As reported earlier, the researchers generated nanopore data at more than 120-fold coverage for their yeast de novo assembly over 30 MinIon runs. About 90 percent of the data came from just four good flow cells, Goodwin said, and each produced on the order of 500 megabases of data.

The final assembly, from nanopore reads that were error-corrected with short Illumina reads using CSHL's Nanocorr approach, consists of 95 contigs with an N50 contig size of 585 kilobases, she reported.

Certain genomic elements, such as rRNA, gene cassettes, transposons, LTR retrotransposons, and telomers were picked up at higher frequency in the nanopore data than in Illumina MiSeq data, she said.

The researchers also tested the MinIon on human cDNAs, with the ultimate goal of sequencing full-length isoforms to determine splice sites, particularly in single cells. For this, they amplified cDNA using a long-range polymerase and created libraries similar to those from genomic DNA. No shearing was necessary because few cDNAs were longer than 10 kilobases, and the average read length was 1 kilobase.

Going forward, the CSHL team plans to study the effect of base methylation on the nanopore data.

Microbial surveillance

Richard Leggett and his collaborators at TGAC have tested the MinIon for the detection of microbial species in metagenomic samples. Eventually, the researchers would like to use the device for real-time surveillance of environmental samples, such as air and water, he said.

The TGAC group has been an early-access user of the MinIon since last April. As expected for an alpha- or beta-testing program, there have been frequent updates to the technology, Leggett said, but "the general trend is upwards" and performance has been improving. "I think there is some possibility for the future," he said.

To analyze the nanopore data after alignment, the researchers have developed a software tool called NanoOK that produces a report with information on the data quality and error profiles.

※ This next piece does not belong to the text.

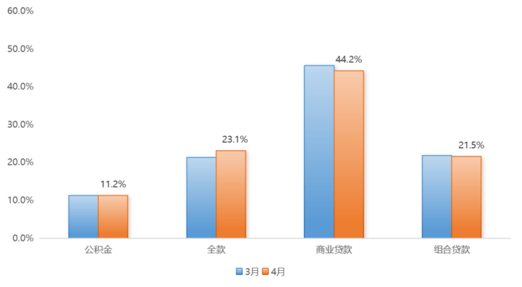 4、付款方式相对稳定,商贷占比44.2%

To test the MinIon, they sequenced the Human Microbiome Project mock community, a mix of DNA from 20 diverse bacteria. For the analysis, they used a program called Kontaminant, developed at TGAC, that looks for kmers that match to kmer libraries from reference sequences and provides rapid feedback on the sample composition. Using Kontaminant they were able to detect the 20 species.

They also sequenced samples from an ongoing air sample analysis project on the MinIon and compared the results with Illumina data. In one air sample from a greenhouse, they identified 1,400 species from 500,000 Illumina reads and 140 species from 13,000 MinIon reads. Ninety-nine of the species overlapped between the two platforms.

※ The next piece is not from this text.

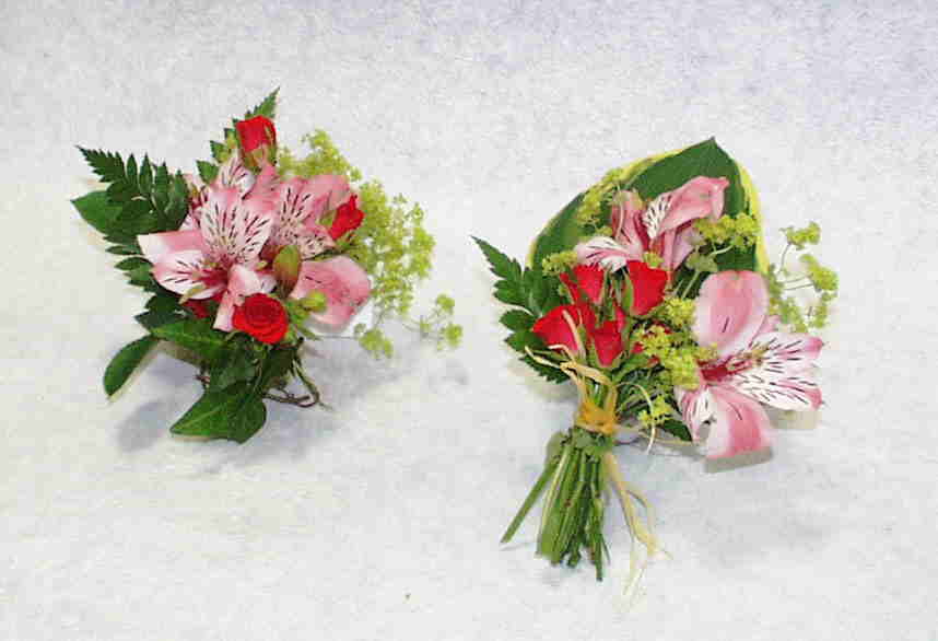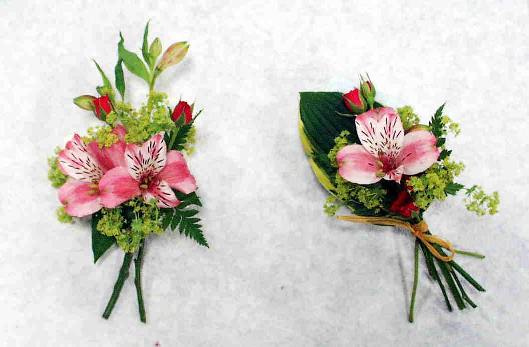向かって左・・・ナチュラルステムコーサージ(ワイヤーを使って作ったコーサージ)

To enable real-time data analysis, the researchers have explored running Kontaminant on a low-cost Raspberry Pi computer and were able to analyze nanopore data on this.

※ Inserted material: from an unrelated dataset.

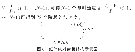 紅外線對(duì)射管構(gòu)成一對(duì)紅外傳感器收發(fā)子單元。若干對(duì)紅外傳感器收發(fā)子單元構(gòu)成完整的紅外線測(cè)速傳感器,其紅外線對(duì)射管分離距離和紅外傳感器收發(fā)子單元間距可以調(diào)整。如圖6所示,Ⅳ需要大于2,分離距離超過5 m。在兩對(duì)紅外線對(duì)射管之間測(cè)量物體經(jīng)過的時(shí)間T,間距設(shè)置為L(zhǎng),可以得到后一對(duì)紅外線對(duì)射管的即時(shí)速度V:

The missing piece for real-time surveillance is rapid library preparation, for example, on a microfluidic device, Leggett said.

A handful of additional MinIon early-access users also presented posters at AGBT. A group led by Yutaka Suzuki at the University of Tokyo, for example, used the MinIon for genotyping tropical disease pathogens, including Dengue virus and Plasmodium falciparum.

Another group, at the University of Maryland, developed a new algorithm for the de novo assembly of long, error-prone reads from Pacific Biosciences and Oxford Nanopore. Using MinIon data, they assembled the E. coli genome into a single contig.

Finally, Winston Timp from Johns Hopkins University has developed a computational approach for identifying DNA methylation patterns in single cells using MinIon data.